Segment Open
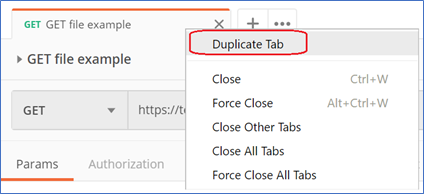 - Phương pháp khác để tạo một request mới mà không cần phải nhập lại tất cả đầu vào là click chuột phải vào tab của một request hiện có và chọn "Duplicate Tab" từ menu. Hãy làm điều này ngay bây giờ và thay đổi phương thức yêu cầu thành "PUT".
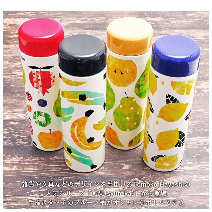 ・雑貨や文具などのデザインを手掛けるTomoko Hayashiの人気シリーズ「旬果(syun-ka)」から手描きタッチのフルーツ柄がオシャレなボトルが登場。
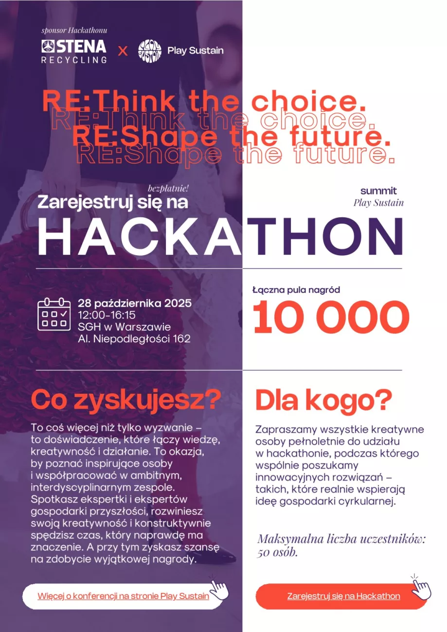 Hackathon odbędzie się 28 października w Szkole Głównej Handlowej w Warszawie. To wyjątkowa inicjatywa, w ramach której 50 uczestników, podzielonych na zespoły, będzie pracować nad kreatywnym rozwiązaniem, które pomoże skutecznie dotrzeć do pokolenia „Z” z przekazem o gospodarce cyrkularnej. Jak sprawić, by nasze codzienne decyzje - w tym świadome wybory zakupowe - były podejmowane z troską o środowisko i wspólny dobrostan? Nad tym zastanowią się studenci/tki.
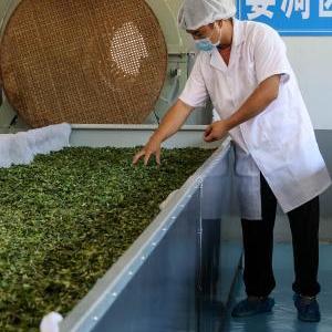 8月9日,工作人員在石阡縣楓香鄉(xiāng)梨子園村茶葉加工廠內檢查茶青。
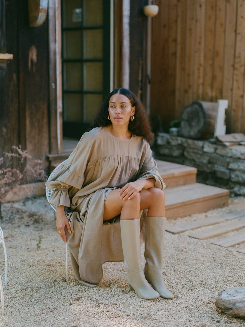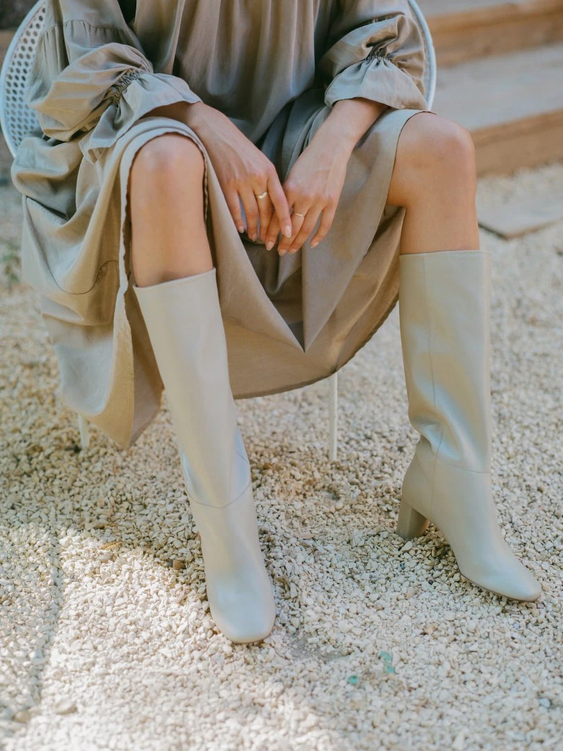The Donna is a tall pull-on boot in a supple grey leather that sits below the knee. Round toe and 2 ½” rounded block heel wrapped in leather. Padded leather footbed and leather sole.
Segment Closed
Give the data again exactly, without pictures.

**Expected output**
 - Phương pháp khác để tạo một request mới mà không cần phải nhập lại tất cả đầu vào là click chuột phải vào tab của một request hiện có và chọn "Duplicate Tab" từ menu. Hãy làm điều này ngay bây giờ và thay đổi phương thức yêu cầu thành "PUT".
 ・雑貨や文具などのデザインを手掛けるTomoko Hayashiの人気シリーズ「旬果(syun-ka)」から手描きタッチのフルーツ柄がオシャレなボトルが登場。
 Hackathon odbędzie się 28 października w Szkole Głównej Handlowej w Warszawie. To wyjątkowa inicjatywa, w ramach której 50 uczestników, podzielonych na zespoły, będzie pracować nad kreatywnym rozwiązaniem, które pomoże skutecznie dotrzeć do pokolenia „Z” z przekazem o gospodarce cyrkularnej. Jak sprawić, by nasze codzienne decyzje - w tym świadome wybory zakupowe - były podejmowane z troską o środowisko i wspólny dobrostan? Nad tym zastanowią się studenci/tki.
 8月9日,工作人員在石阡縣楓香鄉(xiāng)梨子園村茶葉加工廠內檢查茶青。
The Donna is a tall pull-on boot in a supple grey leather that sits below the knee. Round toe and 2 ½” rounded block heel wrapped in leather. Padded leather footbed and leather sole.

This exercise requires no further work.